Keywords: calcifying nanoparticles, time-lapse photography, self-replication, apatite

Introduction

Nanotechnology is a rapidly evolving discipline that has aroused the interest of both the scientific community and the public. Ordinary materials such as carbon or silicon, when reduced to nanoscale level, often exhibit novel and unpredictable characteristics such as extraordinary strength, resistance and chemical reactivity that the same material does not possess at the micro or macro-scale (Nel et al 2004). Although nanotechnology industry is very successful in manufacturing a variety of nanoparticles, they have yet to be successful in developing methods to eliminate them.

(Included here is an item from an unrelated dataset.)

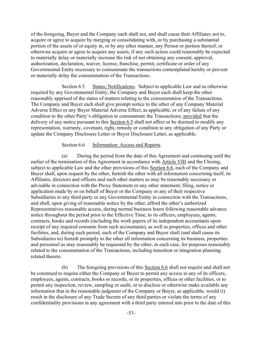 -53- of the foregoing, Buyer and the Company each shall not, and shall cause their Affiliates not to, acquire or agree to acquire by merging or consolidating with, or by purchasing a substantial portion of the assets of or equity in, or by any other manner, any Person or portion thereof, or otherwise acquire or agree to acquire any assets, if any such action could reasonably be expected to materially delay or materially increase the risk of not obtaining any consent, approval, authorization, declaration, waiver, license, franchise, permit, certificate or order of any Governmental Entity necessary to consummate the transactions contemplated hereby or prevent or materially delay the consummation of the Transactions. Section 6.5 Status; Notifications. Subject to applicable Law and as otherwise required by any Governmental Entity, the Company and Buyer each shall keep the other reasonably apprised of the status of matters relating to the consummation of the Transactions. The Company and Buyer each shall give prompt notice to the other of any Company Material Adverse Effect or any Buyer Material Adverse Effect, as applicable, or of any failure of any condition to the other Party’s obligation to consummate the Transactions; provided that the delivery of any notice pursuant to this Section 6.5 shall not affect or be deemed to modify any representation, warranty, covenant, right, remedy or condition to any obligation of any Party or update the Company Disclosure Letter or Buyer Disclosure Letter, as applicable. Section 6.6 Information; Access and Reports. (a) During the period from the date of this Agreement and continuing until the earlier of the termination of this Agreement in accordance with Article VIII and the Closing, subject to applicable Law and the other provisions of this Section 6.6, each of the Company and Buyer shall, upon request by the other, furnish the other with all information concerning itself, its Affiliates, directors and officers and such other matters as may be reasonably necessary or advisable in connection with the Proxy Statement or any other statement, filing, notice or application made by or on behalf of Buyer or the Company or any of their respective Subsidiaries to any third party or any Governmental Entity in connection with the Transactions, and shall, upon giving of reasonable notice by the other, afford the other’s authorized Representatives reasonable access, during normal business hours following reasonable advance notice throughout the period prior to the Effective Time, to its officers, employees, agents, contracts, books and records (including the work papers of its independent accountants upon receipt of any required consents from such accountants), as well as properties, offices and other facilities, and, during such period, each of the Company and Buyer shall (and shall cause its Subsidiaries to) furnish promptly to the other all information concerning its business, properties and personnel as may reasonably be requested by the other, in each case, for purposes reasonably related to the consummation of the Transactions, including transition or integration planning related thereto. (b) The foregoing provisions of this Section 6.6 shall not require and shall not be construed to require either the Company or Buyer to permit any access to any of its officers, employees, agents, contracts, books or records, or its properties, offices or other facilities, or to permit any inspection, review, sampling or audit, or to disclose or otherwise make available any information that in the reasonable judgment of the Company or Buyer, as applicable, would (i) result in the disclosure of any Trade Secrets of any third parties or violate the terms of any confidentiality provisions in any agreement with a third party entered into prior to the date of this

Currently, sterile filtration is the most commonly used technique for biopharmaceutical products although it has no satisfactory capability of removing particles below 100 nm in size (Çiftçioglu et al 1997a).

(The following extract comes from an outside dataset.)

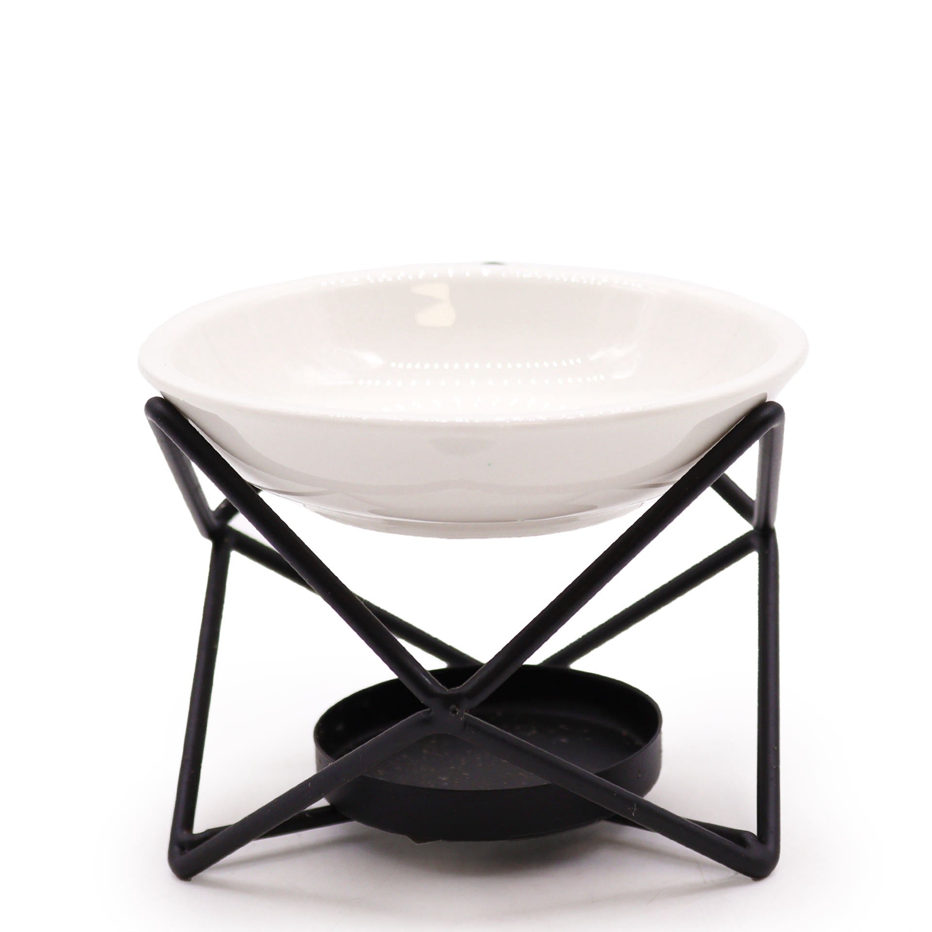 Keramisk oljebrännare med sexkantigt stativ i metall – elegant form och funktion i harmoni

The discovery of calcifying nanoparticles (CNP) in blood and blood products in the early 1990s resulted in a breakthrough in the field of biology. CNP have been shown to be bacteria-like, pleomorphic, infectious particles that possess unique properties including the capability of passing sterilization filters because of their small size, and resistance to heat and γ-irradiation at doses typically fatal for conventional bacteria (Çiftçioglu et al 1997a, 1997b, 2007; Kajander et al 1997; Kajander and Çiftçioglu 1998; Miller-Hjelle et al 2003). They deposit calcium and phosphate as an envelope at physiologic pH and mineral concentrations (Kajander and Çiftçioglu 1998; Miller-Hjelle et al 2003). CNP has been associated with diverse calcification-related health problems such as arteriosclerosis, kidney stone, gall stone, dental pulp stone, prostatitis, Alzheimer’s, polycystic kidney, and cancer (Çiftçioglu et al 1998a, 1998b; Kajander et al 1999; Kajander et al 2001; Puskas et al 2005; Altundag et al 2006; Shiekh et al 2006; Wang et al 2006; Wood and Shoskes 2006). CNP exert cytotoxic effects on some mammalian cells in vitro and in living organisms in vivo (Akerman et al 1997; Çiftçioglu and Kajander 1998).

Despite their potential role in major medical health problems (Kajander 2006), CNP could not be categorized under any group of infectious agents because of their unusual properties and lack of genomic information. Also, the self-replicating nature of CNP has often been questioned (Cisar et al 2000). The terms “self-replication”, “self-assembly”, or “self-propagation” have been widely used for all systems including nanomachines, crystals, computer viruses, and memes (Freitas and Merkle 2004). Here we have investigated the self-replicating ability of these medically important nanoparticles.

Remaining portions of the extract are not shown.